(Dataset records)

◆ ◆ ◆ ◆ ◆ ◆ ◆

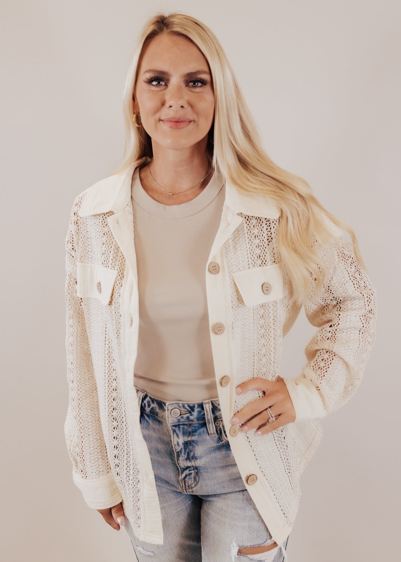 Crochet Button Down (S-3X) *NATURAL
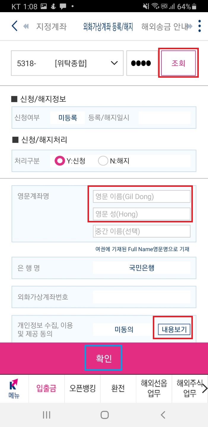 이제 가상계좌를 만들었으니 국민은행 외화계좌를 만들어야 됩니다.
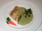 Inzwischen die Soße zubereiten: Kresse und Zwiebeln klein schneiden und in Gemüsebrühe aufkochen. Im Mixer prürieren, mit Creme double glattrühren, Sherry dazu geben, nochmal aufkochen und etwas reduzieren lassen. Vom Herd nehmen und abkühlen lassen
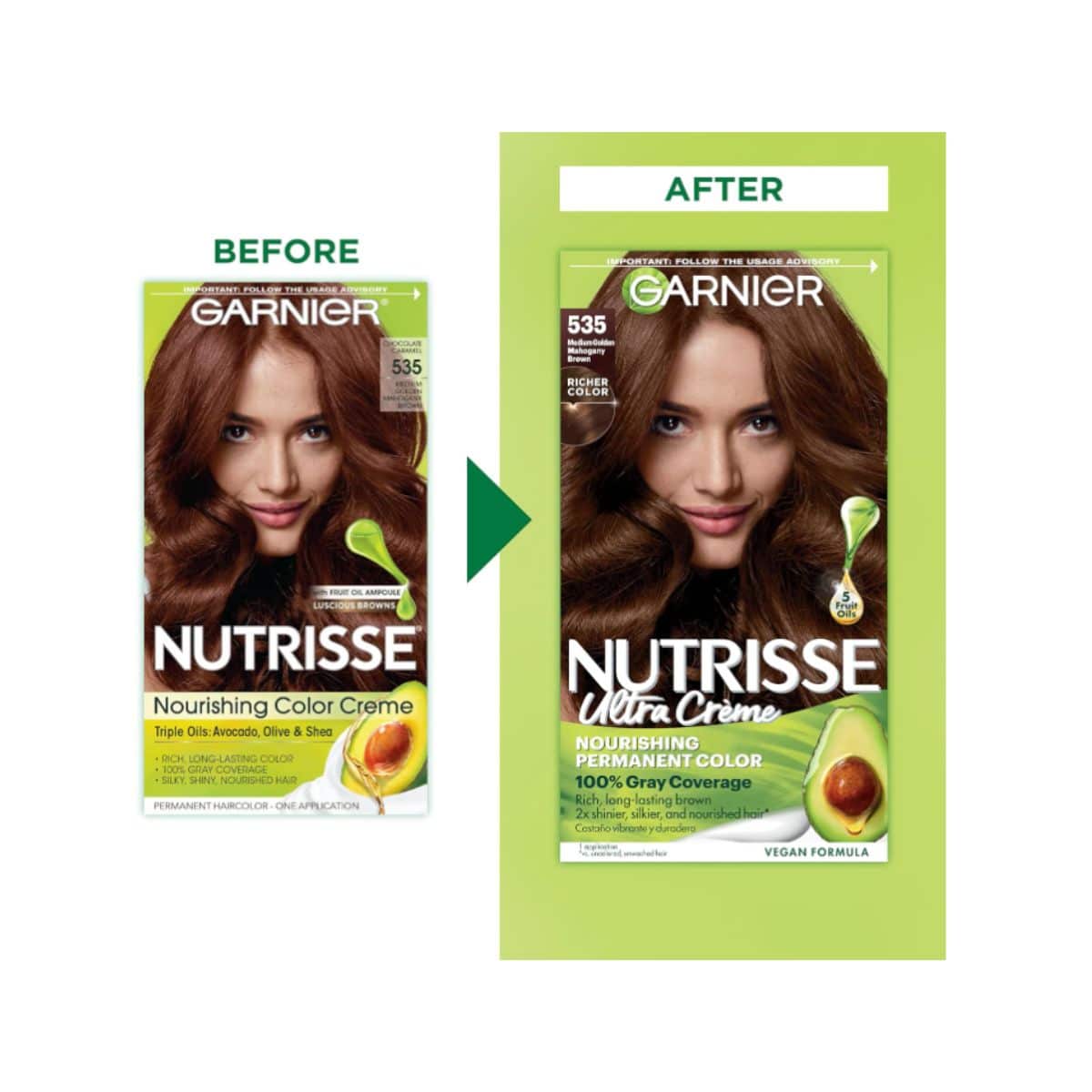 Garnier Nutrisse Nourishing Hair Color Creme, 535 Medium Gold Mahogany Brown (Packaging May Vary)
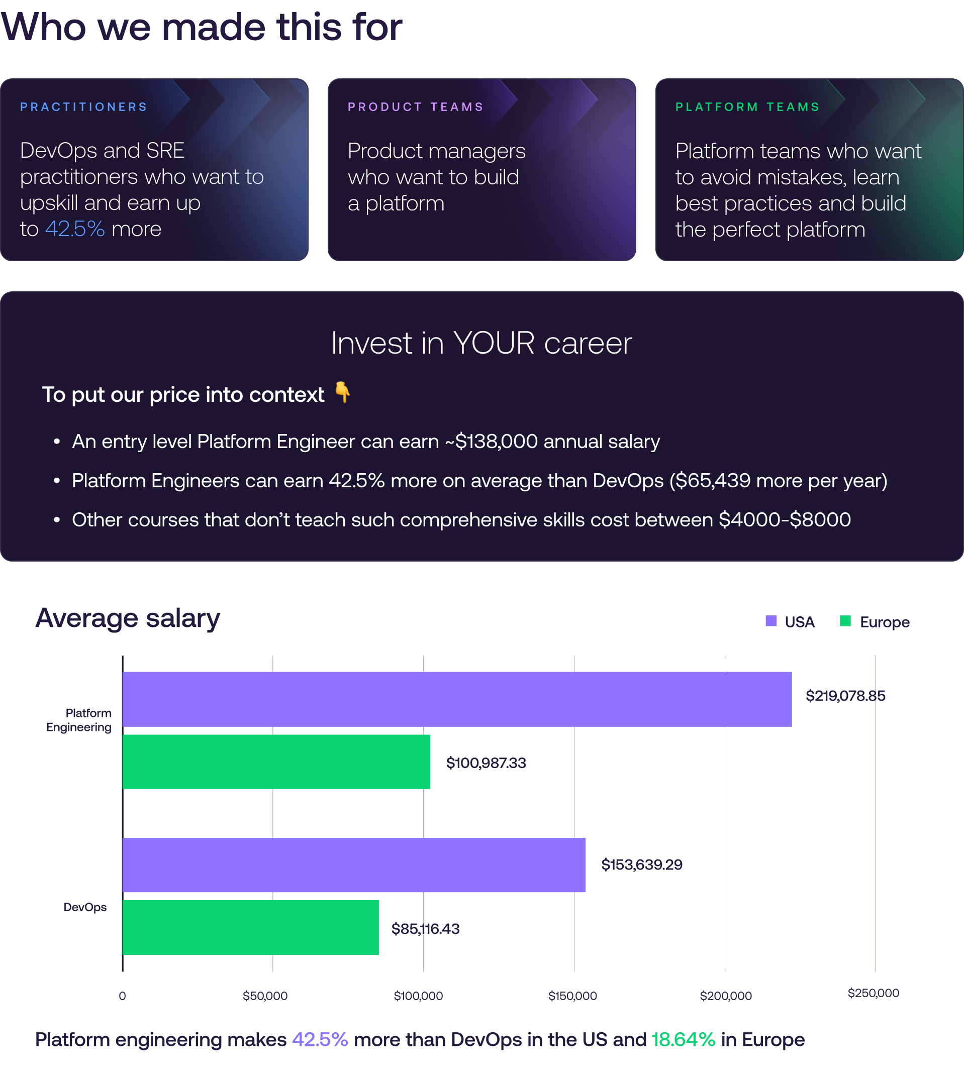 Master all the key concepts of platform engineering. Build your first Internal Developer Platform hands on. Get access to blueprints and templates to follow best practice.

◆ ◆ ◆ ◆ ◆ ◆ ◆

• [What this task involves] All entries should be restated word for word; no images belong in the copy.

• [Result of the task]
 Crochet Button Down (S-3X) *NATURAL
 이제 가상계좌를 만들었으니 국민은행 외화계좌를 만들어야 됩니다.
 Inzwischen die Soße zubereiten: Kresse und Zwiebeln klein schneiden und in Gemüsebrühe aufkochen. Im Mixer prürieren, mit Creme double glattrühren, Sherry dazu geben, nochmal aufkochen und etwas reduzieren lassen. Vom Herd nehmen und abkühlen lassen
 Garnier Nutrisse Nourishing Hair Color Creme, 535 Medium Gold Mahogany Brown (Packaging May Vary)
 Master all the key concepts of platform engineering. Build your first Internal Developer Platform hands on. Get access to blueprints and templates to follow best practice.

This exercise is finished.